Design/methodology/approach
A concept for an unattended swarm of solar powered, unmanned hydroplanes is proposed. A swarm operations concept, vehicle conceptual design and an initial vehicle sizing method is derived. A microscopic, multi-agent-based simulation model is developed. System characteristics and surveillance performance is investigated in this delimited environment number of vehicles scale. Parameter variations in insolation, overcast and system design are used to predict system characteristics. The results are finally used for a scale-up study on a macroscopic level.
Findings
Miniaturization of subsystems is found to be essential for energy balance, whereas power consumption of subsystems is identified to define minimum vehicle size. Seasonal variations of solar insolation are observed to dominate the available energy budget. Thus, swarm density and activity adaption to solar energy supply is found to be a key element to maintain continuous aerial surveillance.

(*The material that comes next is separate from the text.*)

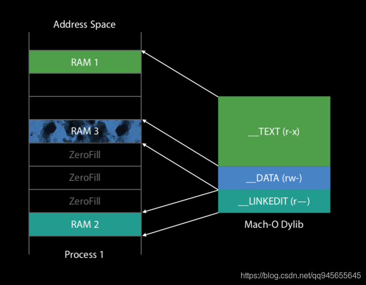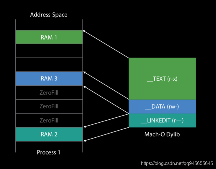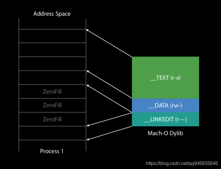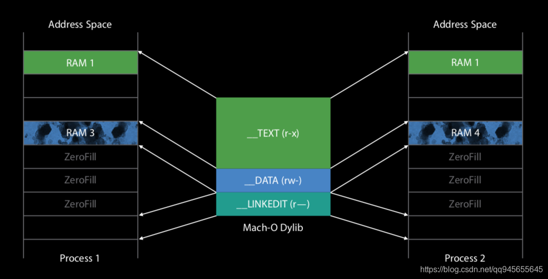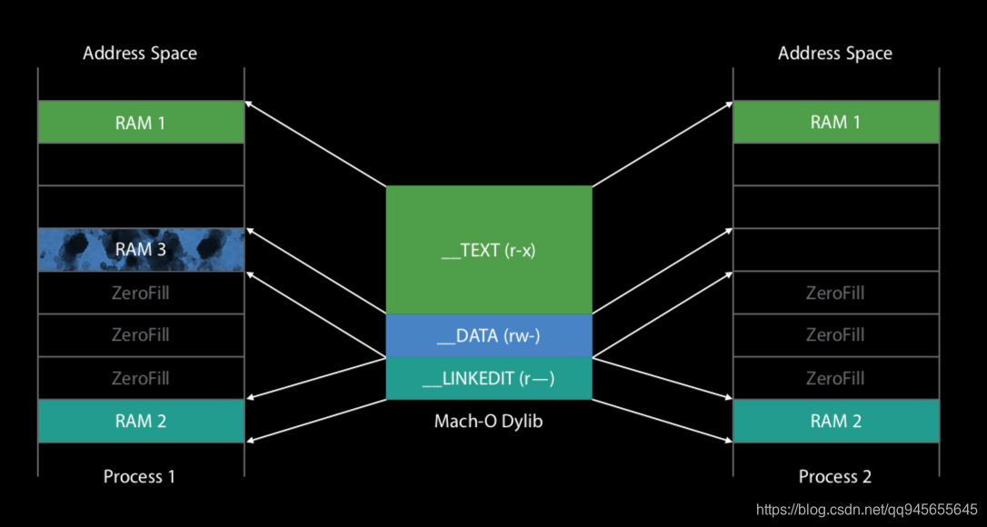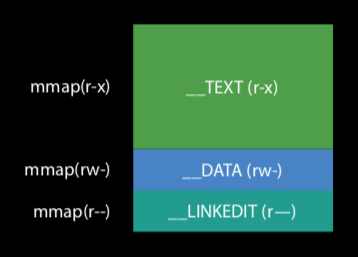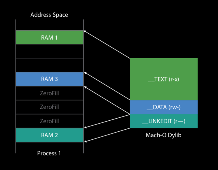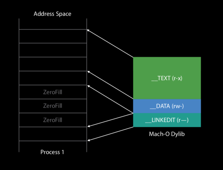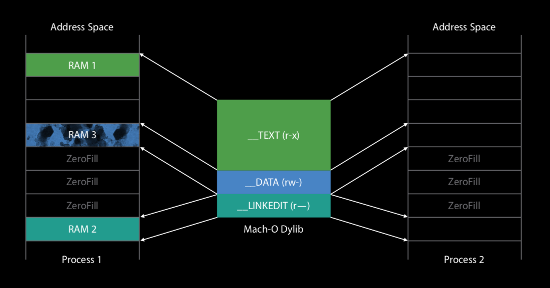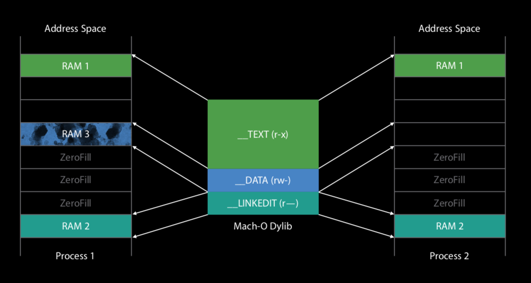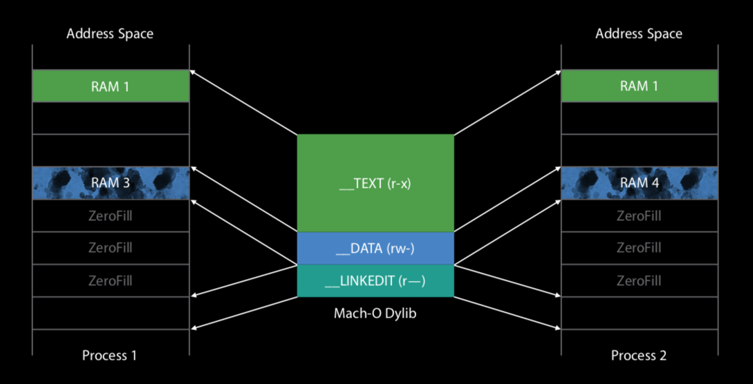 现在,结合 Mach-O 和虚拟内存的知识,我们可以知道 动态库(dylib)或者映像(image)中的 __TEXT 段可以被映射到不同的进程中。它可以被懒加载,还可以在不同的进程中共享。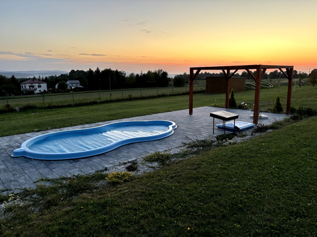 Une maison confortable avec piscine privée et jacuzzi, exclusivement pour un maximum de 15 personnes, située dans le village de Futoma (Matulnik), à 20 km de Rzeszów. Elle est proche de la réserve naturelle et de la piste cyclable. C'est l'endroit idéal pour une retraite en famille ou une escapade paisible entre amis, en pleine nature. La cuisine est entièrement équipée. Jacuzzi moyennant des frais supplémentaires. Le quartier est entouré de champs et de forêts, offrant la paix, le calme et le chant des oiseaux pendant la journée, et un ciel plein d'étoiles la nuit.

Research limitations/implications
This research was conducted extra-occupationally. Resources were limited to the available range of literature, computational power number and time budget.
Practical implications
A proposal for a probable concept of operations, as well as vehicle preliminary design for an unmanned energy-autonomous, multi-vehicle system for maritime surveillance tasks, are presented and discussed. Indications on path planning, communication link and vehicle interaction scheme selection are given. Vehicle design drivers are identified and optimization of parameters with significant impact on the swarm system is shown.
Social implications
The proposed system can help to accelerate the detection of ships in distress, increasing the effectiveness of life-saving rescue missions.
Originality/value
For continuous surveillance of expanded mission theatres by small-sized vehicles of limited endurance, a novel, collaborative swarming approach applying in situ resource utilization is explored.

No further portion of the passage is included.